[Entries taken from a collection]
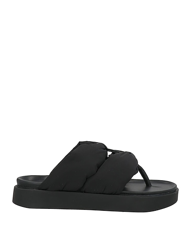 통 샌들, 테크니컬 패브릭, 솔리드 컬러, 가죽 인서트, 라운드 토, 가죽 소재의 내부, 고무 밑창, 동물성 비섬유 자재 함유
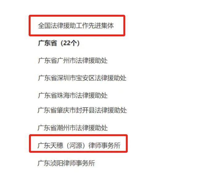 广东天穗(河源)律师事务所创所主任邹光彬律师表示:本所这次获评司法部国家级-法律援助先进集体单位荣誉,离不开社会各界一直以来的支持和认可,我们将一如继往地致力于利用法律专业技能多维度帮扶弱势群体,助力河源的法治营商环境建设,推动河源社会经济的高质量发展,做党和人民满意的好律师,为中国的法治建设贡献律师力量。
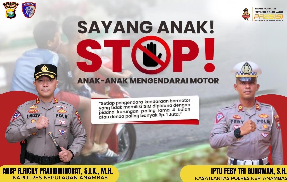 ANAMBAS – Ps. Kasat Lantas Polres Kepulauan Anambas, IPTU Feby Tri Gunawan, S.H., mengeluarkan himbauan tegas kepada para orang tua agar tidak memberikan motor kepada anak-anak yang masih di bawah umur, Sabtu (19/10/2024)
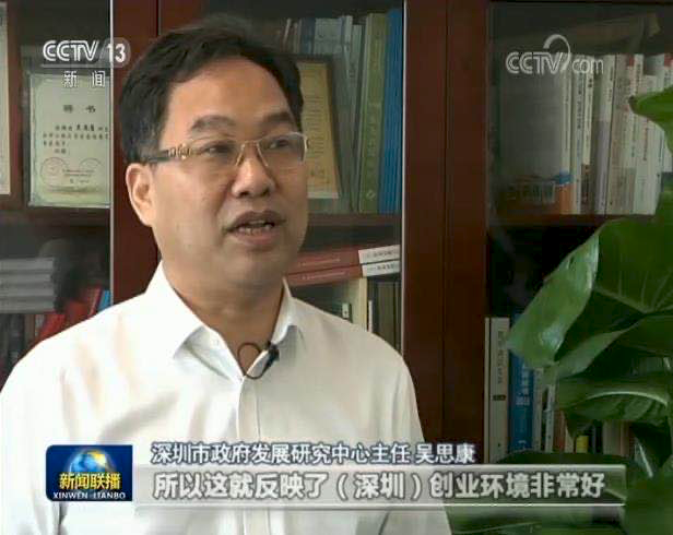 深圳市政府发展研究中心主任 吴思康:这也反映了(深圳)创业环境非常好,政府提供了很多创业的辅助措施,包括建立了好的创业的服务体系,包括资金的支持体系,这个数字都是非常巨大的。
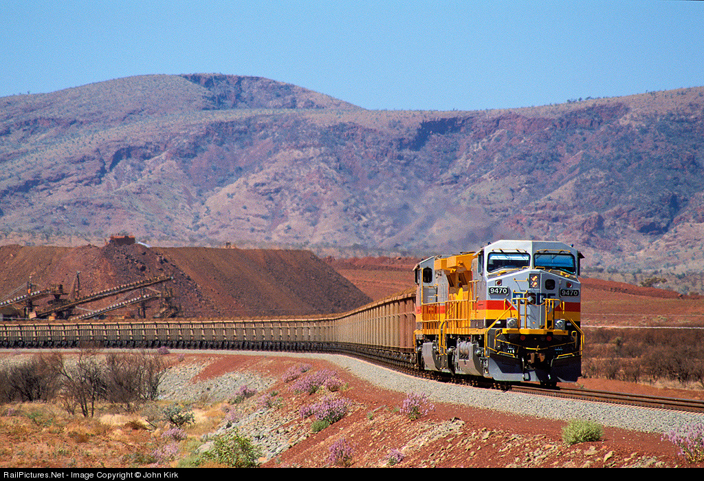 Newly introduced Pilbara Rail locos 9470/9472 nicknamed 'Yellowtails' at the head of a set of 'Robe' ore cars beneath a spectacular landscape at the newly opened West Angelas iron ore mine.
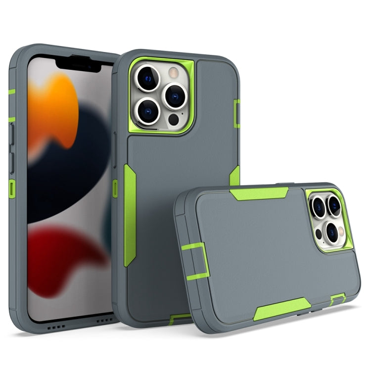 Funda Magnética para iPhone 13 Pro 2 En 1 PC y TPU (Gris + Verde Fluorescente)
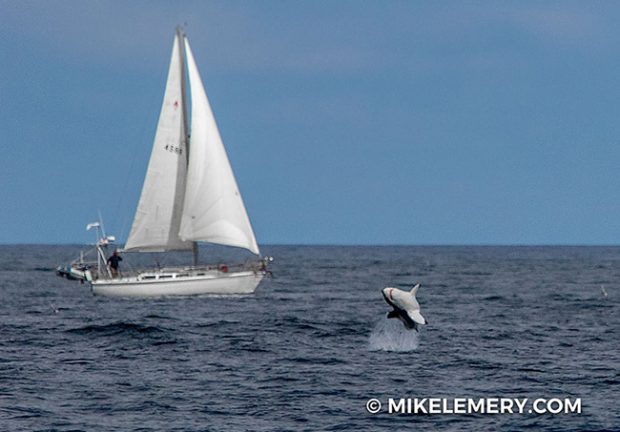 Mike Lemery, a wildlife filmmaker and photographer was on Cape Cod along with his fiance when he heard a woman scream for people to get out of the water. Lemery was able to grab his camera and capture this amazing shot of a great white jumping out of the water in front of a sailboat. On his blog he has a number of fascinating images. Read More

## Assignment
The output must match, line for line, the span from the line containing "ANAMBAS – Ps." through the end of the data, with the pictures removed.

## Result for this exercise
 ANAMBAS – Ps. Kasat Lantas Polres Kepulauan Anambas, IPTU Feby Tri Gunawan, S.H., mengeluarkan himbauan tegas kepada para orang tua agar tidak memberikan motor kepada anak-anak yang masih di bawah umur, Sabtu (19/10/2024)
 深圳市政府发展研究中心主任 吴思康:这也反映了(深圳)创业环境非常好,政府提供了很多创业的辅助措施,包括建立了好的创业的服务体系,包括资金的支持体系,这个数字都是非常巨大的。
 Newly introduced Pilbara Rail locos 9470/9472 nicknamed 'Yellowtails' at the head of a set of 'Robe' ore cars beneath a spectacular landscape at the newly opened West Angelas iron ore mine.
 Funda Magnética para iPhone 13 Pro 2 En 1 PC y TPU (Gris + Verde Fluorescente)
 Mike Lemery, a wildlife filmmaker and photographer was on Cape Cod along with his fiance when he heard a woman scream for people to get out of the water. Lemery was able to grab his camera and capture this amazing shot of a great white jumping out of the water in front of a sailboat. On his blog he has a number of fascinating images. Read More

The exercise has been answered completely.